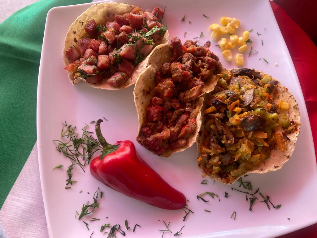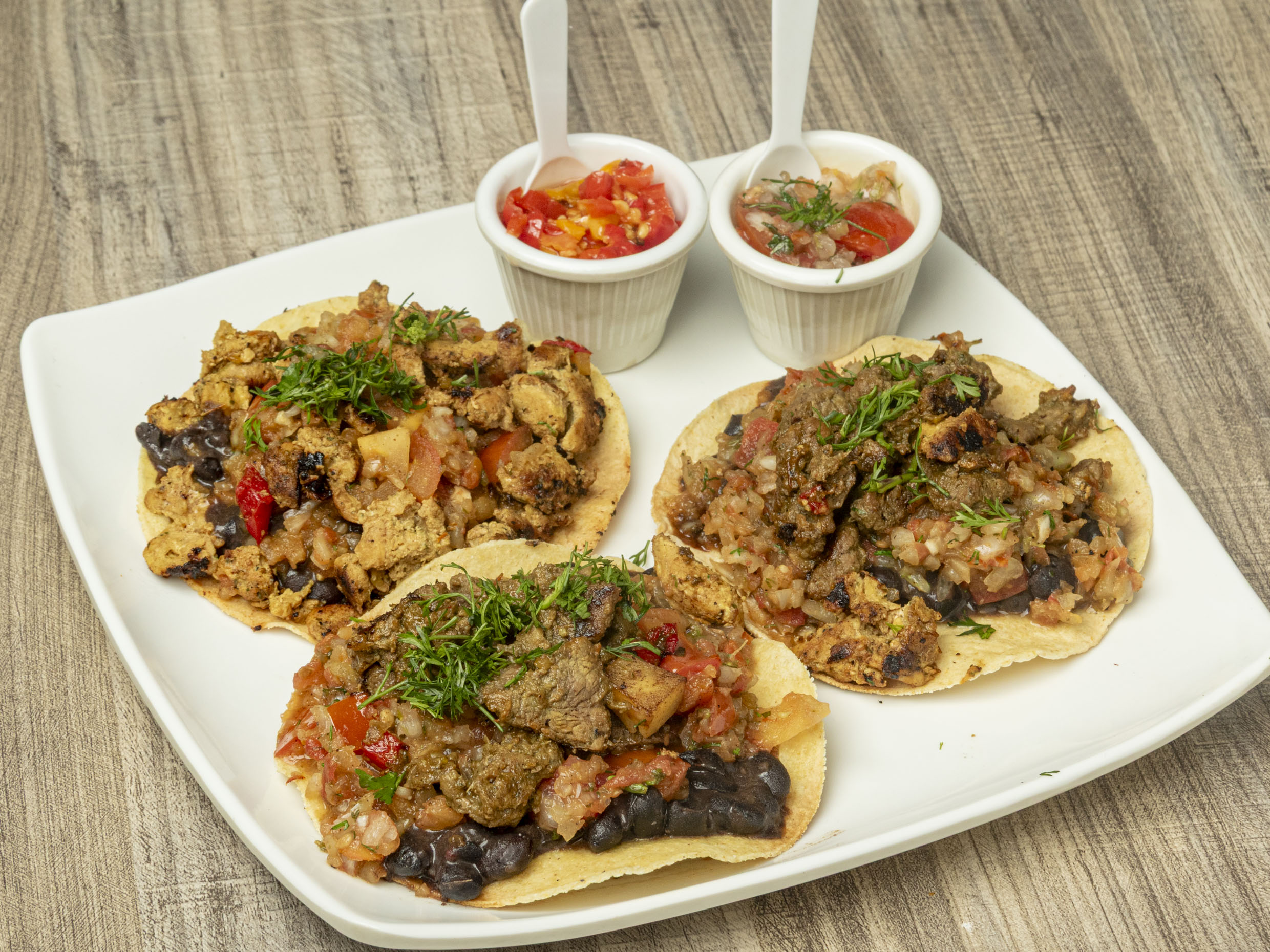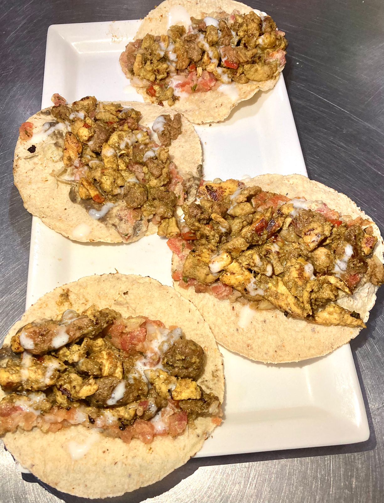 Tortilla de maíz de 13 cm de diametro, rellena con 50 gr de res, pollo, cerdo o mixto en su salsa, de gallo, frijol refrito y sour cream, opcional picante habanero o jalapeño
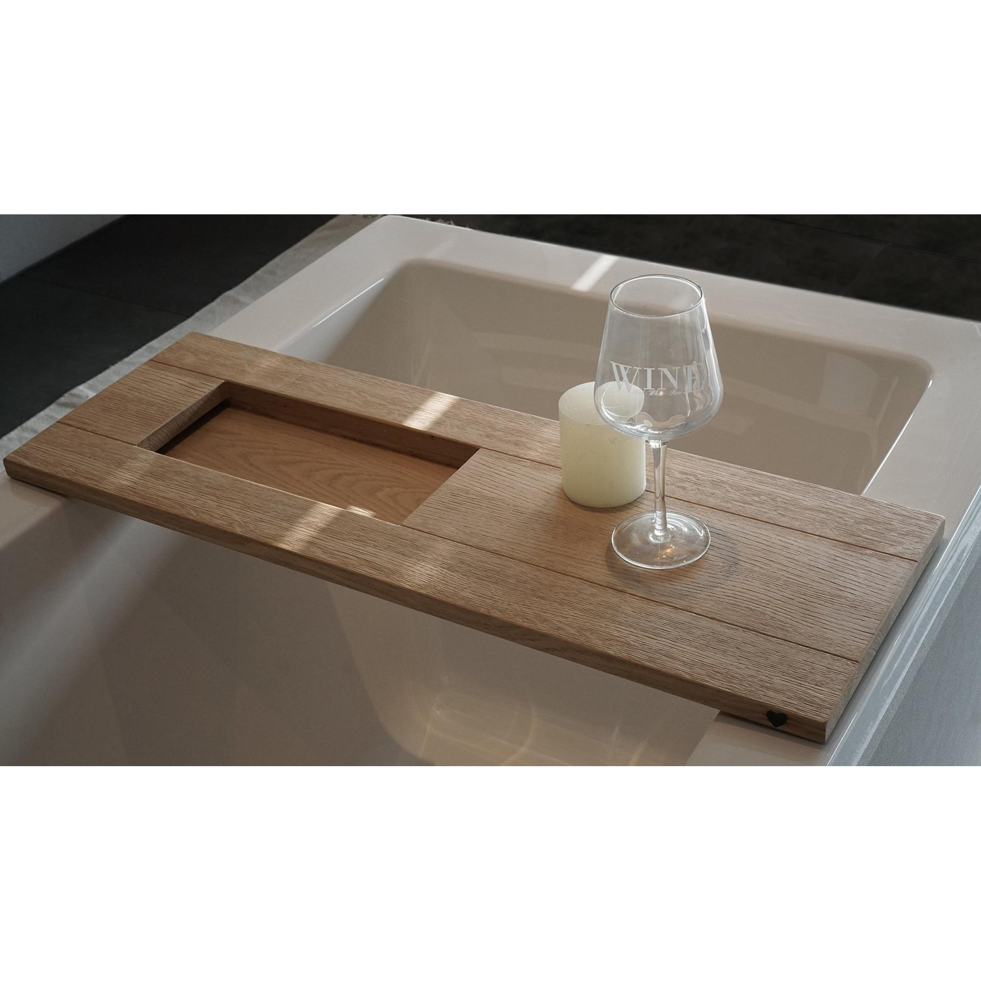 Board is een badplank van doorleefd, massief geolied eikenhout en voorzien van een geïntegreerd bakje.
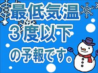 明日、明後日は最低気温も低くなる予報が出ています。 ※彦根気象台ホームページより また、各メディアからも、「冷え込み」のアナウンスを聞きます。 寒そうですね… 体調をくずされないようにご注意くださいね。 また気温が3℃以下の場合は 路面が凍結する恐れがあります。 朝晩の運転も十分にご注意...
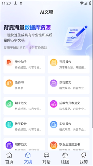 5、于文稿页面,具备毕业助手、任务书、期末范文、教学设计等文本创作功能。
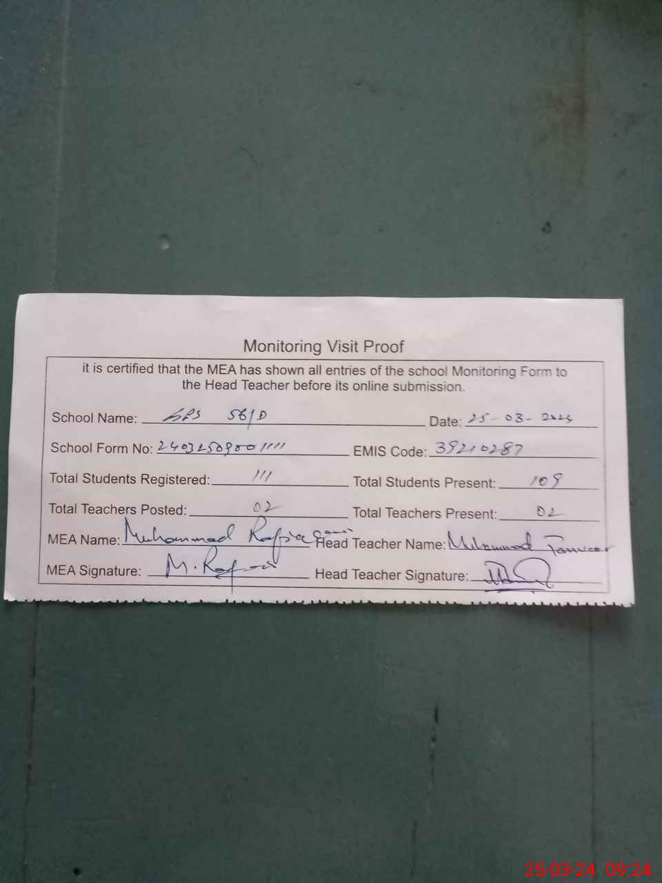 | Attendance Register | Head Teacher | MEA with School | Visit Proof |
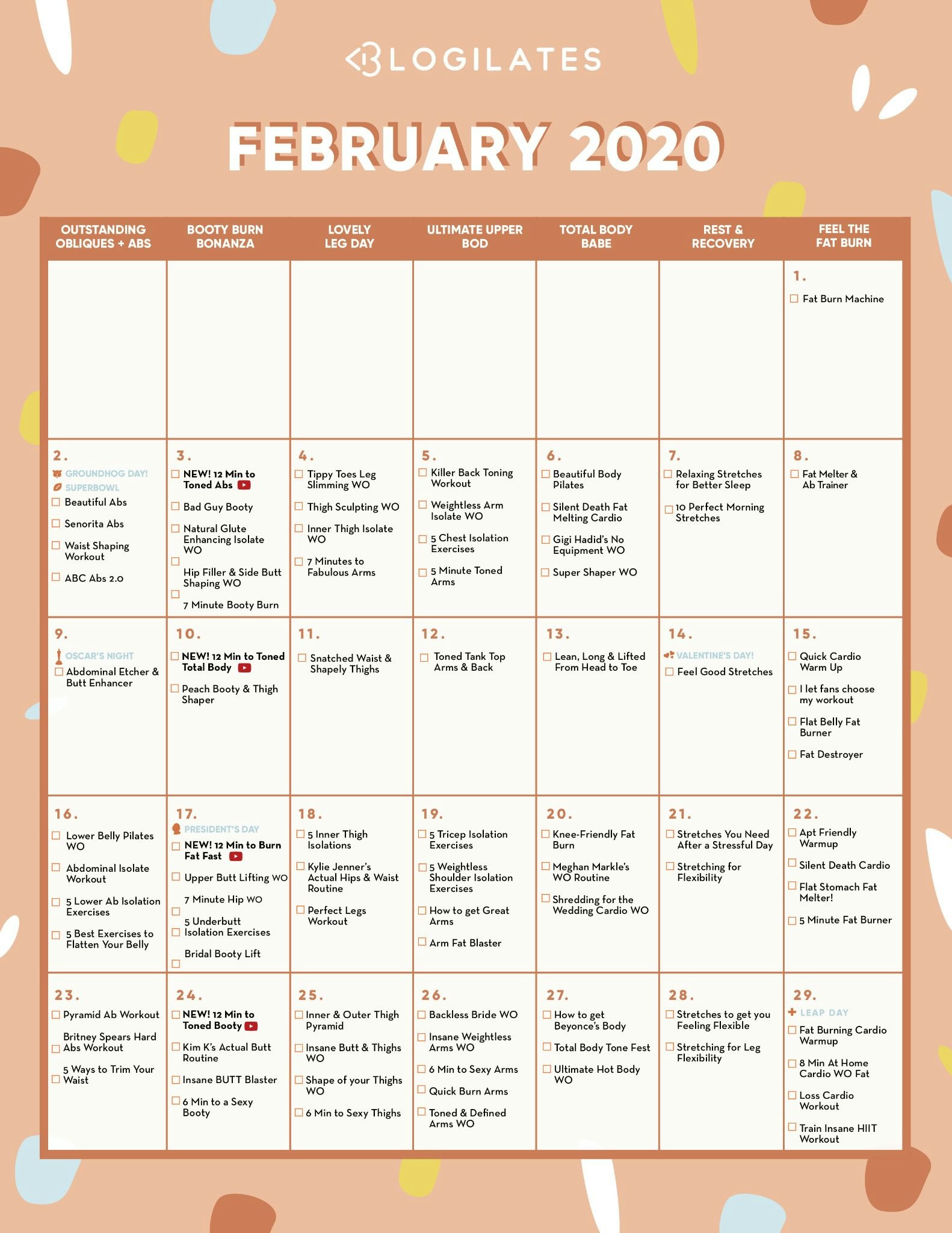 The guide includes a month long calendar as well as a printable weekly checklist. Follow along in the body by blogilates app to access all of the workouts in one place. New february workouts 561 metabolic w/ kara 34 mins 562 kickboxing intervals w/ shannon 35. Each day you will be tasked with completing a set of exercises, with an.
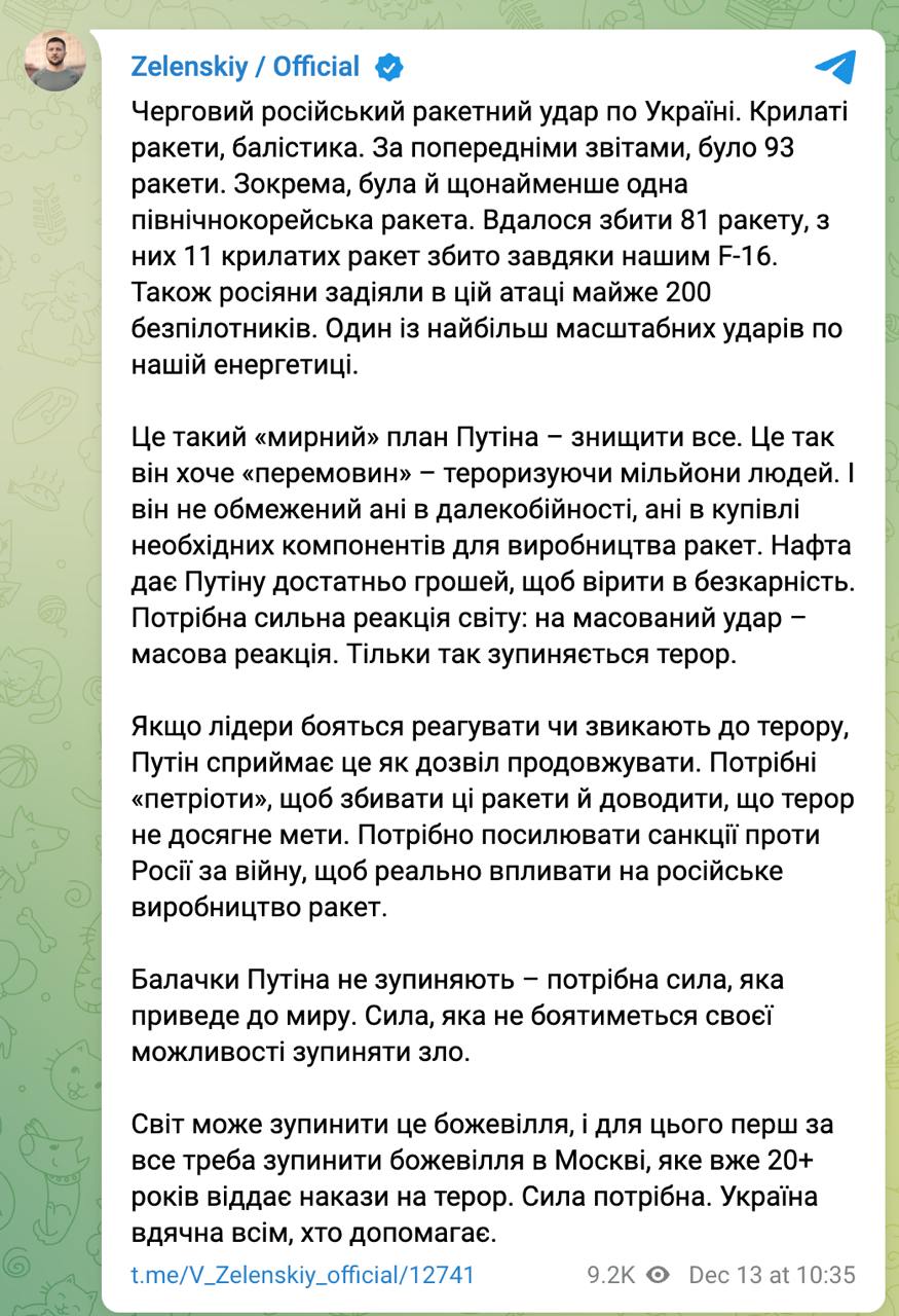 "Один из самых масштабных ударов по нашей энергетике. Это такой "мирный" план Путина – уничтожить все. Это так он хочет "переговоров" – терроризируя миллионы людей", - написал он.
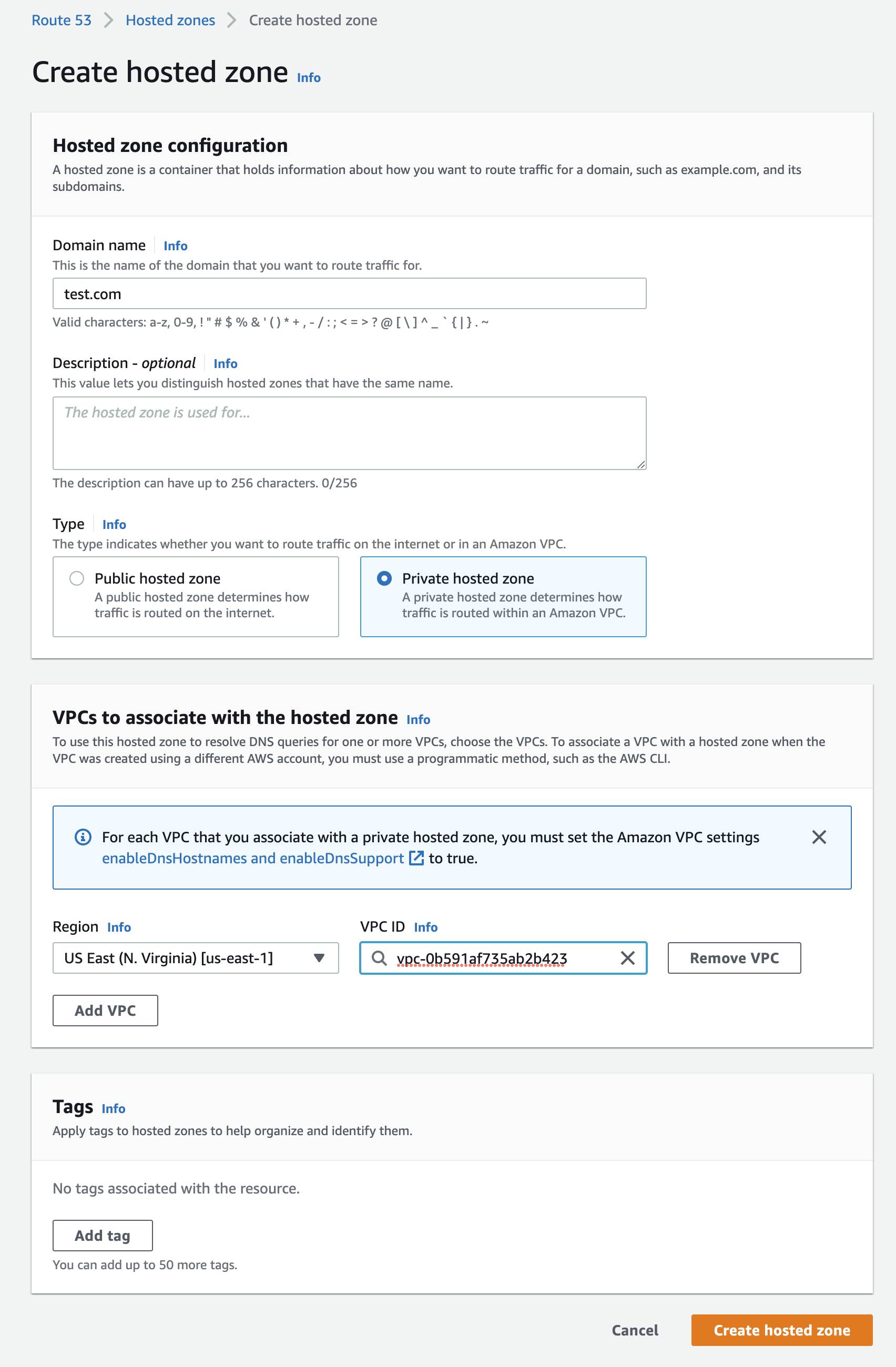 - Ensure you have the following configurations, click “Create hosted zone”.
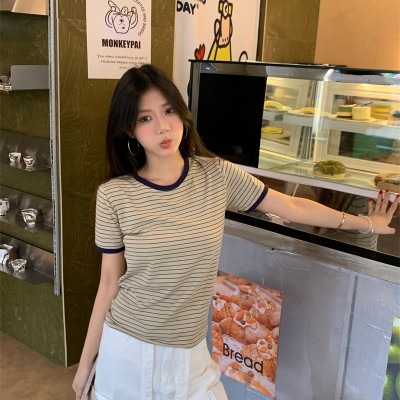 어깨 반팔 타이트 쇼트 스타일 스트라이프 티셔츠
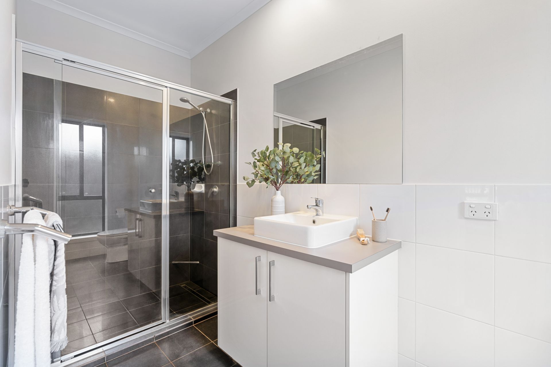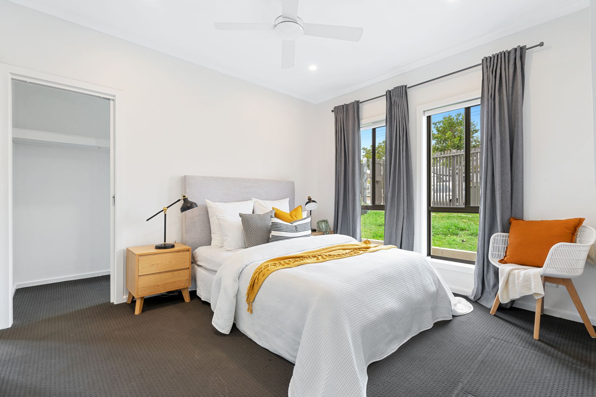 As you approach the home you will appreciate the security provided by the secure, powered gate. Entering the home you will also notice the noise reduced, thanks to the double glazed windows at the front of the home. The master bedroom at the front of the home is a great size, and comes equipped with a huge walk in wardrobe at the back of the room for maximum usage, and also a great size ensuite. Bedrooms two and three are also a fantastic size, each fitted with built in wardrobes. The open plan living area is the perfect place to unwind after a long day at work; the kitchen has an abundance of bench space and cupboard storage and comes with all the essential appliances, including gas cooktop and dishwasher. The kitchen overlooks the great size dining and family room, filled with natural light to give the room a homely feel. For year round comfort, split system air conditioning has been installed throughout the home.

· · · · · · ·

ACTIVITY:
Line for line, output the entries above from the line with "Visit Proof |" to the line with "어깨 반팔 타이트 쇼트 스타일 스트라이프 티셔츠", both included, and nothing more. Skip pictures.

WRITTEN RESPONSE:
 | Attendance Register | Head Teacher | MEA with School | Visit Proof |
 The guide includes a month long calendar as well as a printable weekly checklist. Follow along in the body by blogilates app to access all of the workouts in one place. New february workouts 561 metabolic w/ kara 34 mins 562 kickboxing intervals w/ shannon 35. Each day you will be tasked with completing a set of exercises, with an.
 "Один из самых масштабных ударов по нашей энергетике. Это такой "мирный" план Путина – уничтожить все. Это так он хочет "переговоров" – терроризируя миллионы людей", - написал он.
 - Ensure you have the following configurations, click “Create hosted zone”.
 어깨 반팔 타이트 쇼트 스타일 스트라이프 티셔츠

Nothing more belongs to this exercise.